The panorama of the Elm Inn was best viewed from the walkway, and Caleb swept it again and again. There were half a dozen tables for cards, and the tinkling of coins being tossed on them could be heard under the constant roar of conversation and the occasional disagreement. It was still early—the weak winter sun trickled through the filmy windows—and White had told Caleb not to worry about gunfire until the liquor had more time to work. Caleb acted as if he knew what this meant. Women circulated among the tables, and Caleb avoided looking at their ill-fitting attire and the bodies they barely restrained. These women were shaped differently than his mother or his sisters, rounder, more fleshy. They brought drinks to the men, played with their hair, sat on their laps, and whispered into their ears. Caleb’s embarrassment made it easy to give his attention to the men, who watched one another with wary glances. Many looked like the raccoon Caleb had impaled in the horses’ stall, their expressions wild, their bodies plagued by nervous tics. Each carried the kind of weight in his shoulders that bowed his back and hid his face from the world. Caleb thought he would know one of the killers if he saw them, that he would feel it as clearly as if he’d leapt into icy water. No one in the Elm Inn gave him that shudder. Some, however, struck a deep fear in his heart. One customer, frustrated by something unknown that happened behind one of the closed doors, caught sight of him on the upper walkway, the first time someone besides White or Ethan had taken any notice of him, and Caleb scurried in the other direction, lamely passing the broom behind him. The man’s longer strides caught up with him, and he rammed his elbow into Caleb’s back hard enough to knock the broom from his hand and send it clattering over the railing and onto a handful of patrons waiting at the bar. “Watch yourself, boy,” he said and tromped down the stairs.
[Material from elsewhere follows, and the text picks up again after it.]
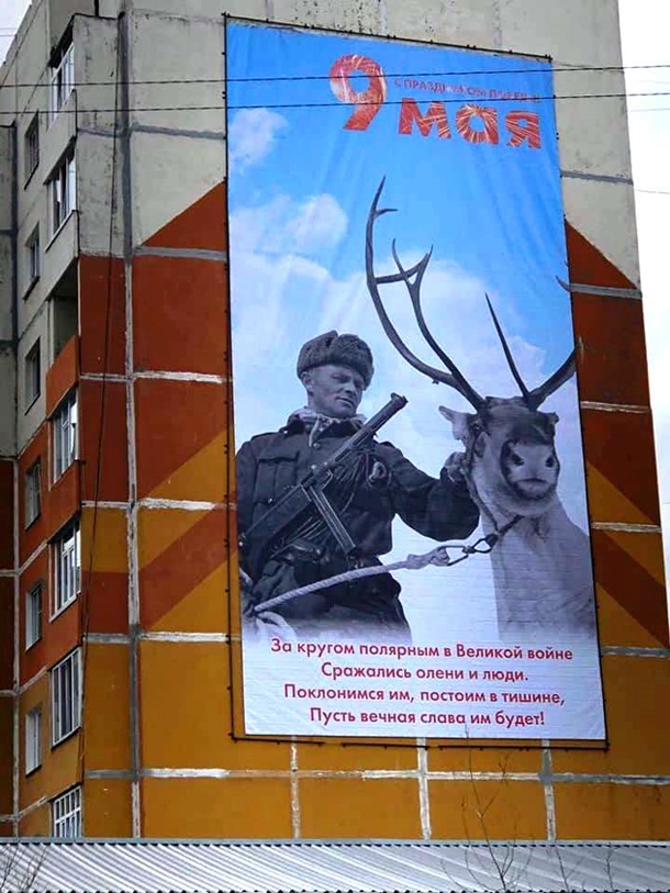 У російському місті Усинськ в Республіці Комі напередодні Дня перемоги на стіну будинку вивісили святковий банер з оленем і озброєним фінським солдатом. На помилку вказали блогери, і банер місцева влада поспішила зняти, пишуть російські ЗМІ.
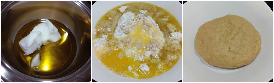 300 g jamón serranoEn un cazo, ponemos el aceite con la manteca y llevamos al fuego para que se derrita. Cuando esté listo, apartamos y reservamos. En un bol ponemos la harina con la sal, el azúcar, la levadura, el agua y el huevo semibatido. Vertemos el aceite con la manteca y amasamos hasta que quede todo bien integrado. Formamos una bola, tapamos con un paño y dejamos levar hasta que doble su volumen. Cuando la masa esté lista dividimos en 2 mitades y estiramos con la ayuda de un rodillo.

Caleb heard a yell of annoyance and pressed his back to the wall, out of sight from the floor below. London White came up the stairs, broom in hand. He considered it, passing it from one palm to the other. Caleb knelt and swept the last of the dirt into his hand. He didn’t know what to do with it—he had been sweeping it up against the walls between the doors, rather than onto the card players and women below—so he dumped it into his pocket.

“When I was your age,” London White began, making it clear he’d paid no attention to Caleb’s work habits, “I was like my brother, living in the woods, making moonshine to sell to thirsty travelers, eating whatever we could catch—possums, rabbit, squirrel.” He winced. “Then I sold a jar full of our best to a man in a nice suit. He rode the finest horse I’d ever seen. He wore the finest clothes. We feared men like that. Sometimes we’d give them our product for free.” He wrung the broom handle with his fists. “Imagine that—the ones who could truly afford our wares and we’d give it to them for nothing because we were scared. I didn’t like that feeling. Not at all.” His knuckles went white. “I followed him home. He lived in a gorgeous house—windows and ceilings like a church, walls and floors as resplendent as the most magnificent of palaces. He had a beautiful wife—red hair to her shoulders, skin white as snow. Do you know what I did?”